### WHAT IS EXPECTED
Among the lines of data below, reproduce only those from the one with "特急きりしまに乗るスケジュー" through the one with "This is a graphic", exactly as they stand, both ends included.

### DATA SHOWN
= = = = = = =
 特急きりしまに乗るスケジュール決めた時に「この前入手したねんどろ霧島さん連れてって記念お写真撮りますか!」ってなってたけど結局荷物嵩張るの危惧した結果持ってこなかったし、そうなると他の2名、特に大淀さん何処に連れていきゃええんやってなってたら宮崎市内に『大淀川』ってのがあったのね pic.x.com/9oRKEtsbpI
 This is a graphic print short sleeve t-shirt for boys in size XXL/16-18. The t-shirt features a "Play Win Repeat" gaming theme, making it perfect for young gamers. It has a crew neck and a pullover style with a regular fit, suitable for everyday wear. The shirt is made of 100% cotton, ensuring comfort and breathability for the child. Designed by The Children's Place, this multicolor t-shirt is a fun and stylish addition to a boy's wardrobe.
= = = = = = =
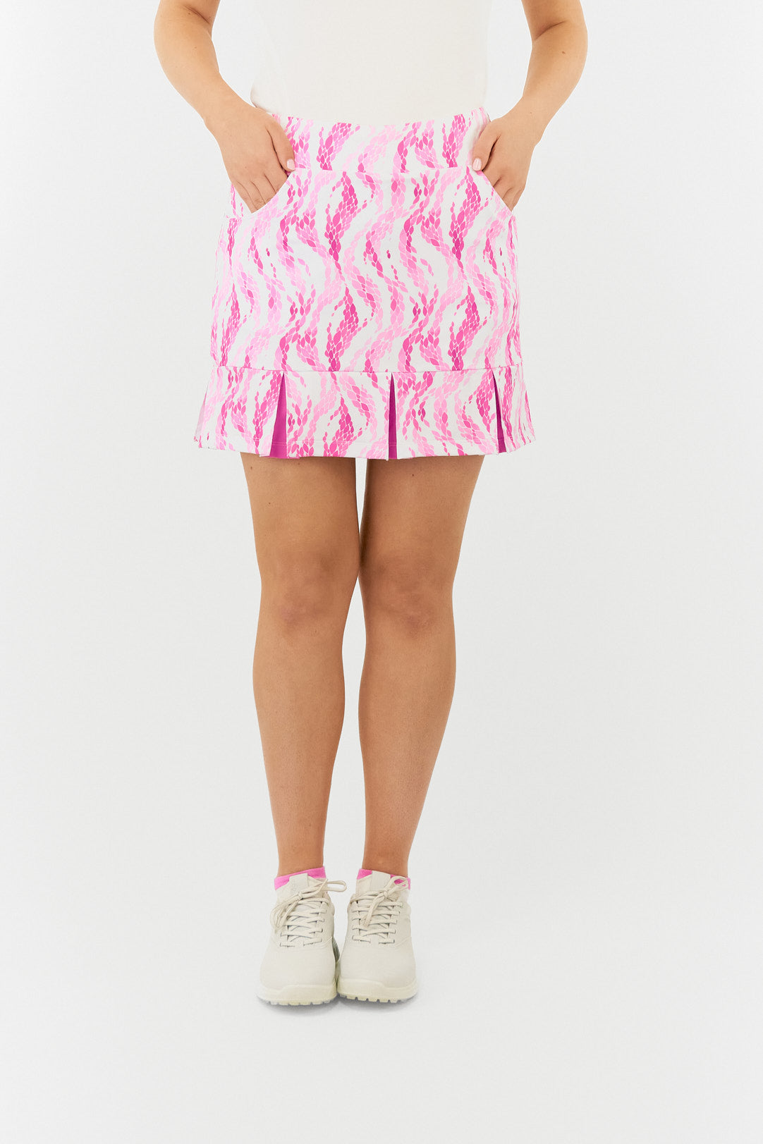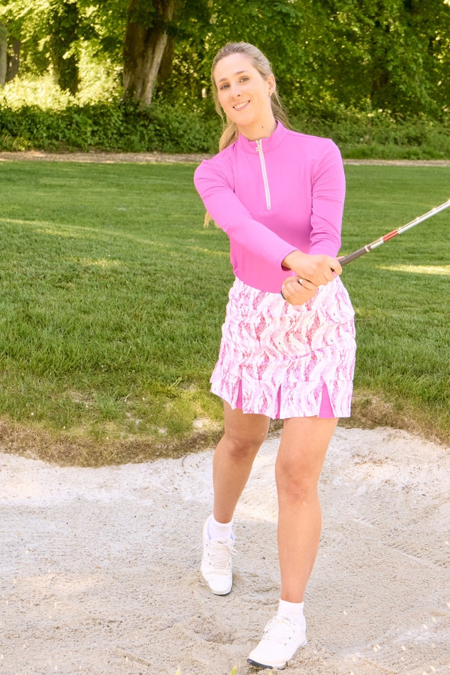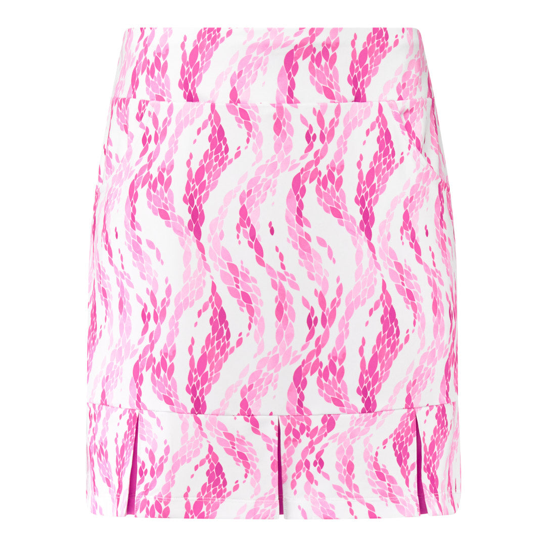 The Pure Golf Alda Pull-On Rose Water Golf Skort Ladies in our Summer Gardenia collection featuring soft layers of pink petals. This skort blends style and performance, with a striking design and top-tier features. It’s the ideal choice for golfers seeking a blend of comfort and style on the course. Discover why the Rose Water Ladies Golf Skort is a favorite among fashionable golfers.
= = = = = = =
### ANSWER AREA
 特急きりしまに乗るスケジュール決めた時に「この前入手したねんどろ霧島さん連れてって記念お写真撮りますか!」ってなってたけど結局荷物嵩張るの危惧した結果持ってこなかったし、そうなると他の2名、特に大淀さん何処に連れていきゃええんやってなってたら宮崎市内に『大淀川』ってのがあったのね pic.x.com/9oRKEtsbpI
 This is a graphic print short sleeve t-shirt for boys in size XXL/16-18. The t-shirt features a "Play Win Repeat" gaming theme, making it perfect for young gamers. It has a crew neck and a pullover style with a regular fit, suitable for everyday wear. The shirt is made of 100% cotton, ensuring comfort and breathability for the child. Designed by The Children's Place, this multicolor t-shirt is a fun and stylish addition to a boy's wardrobe.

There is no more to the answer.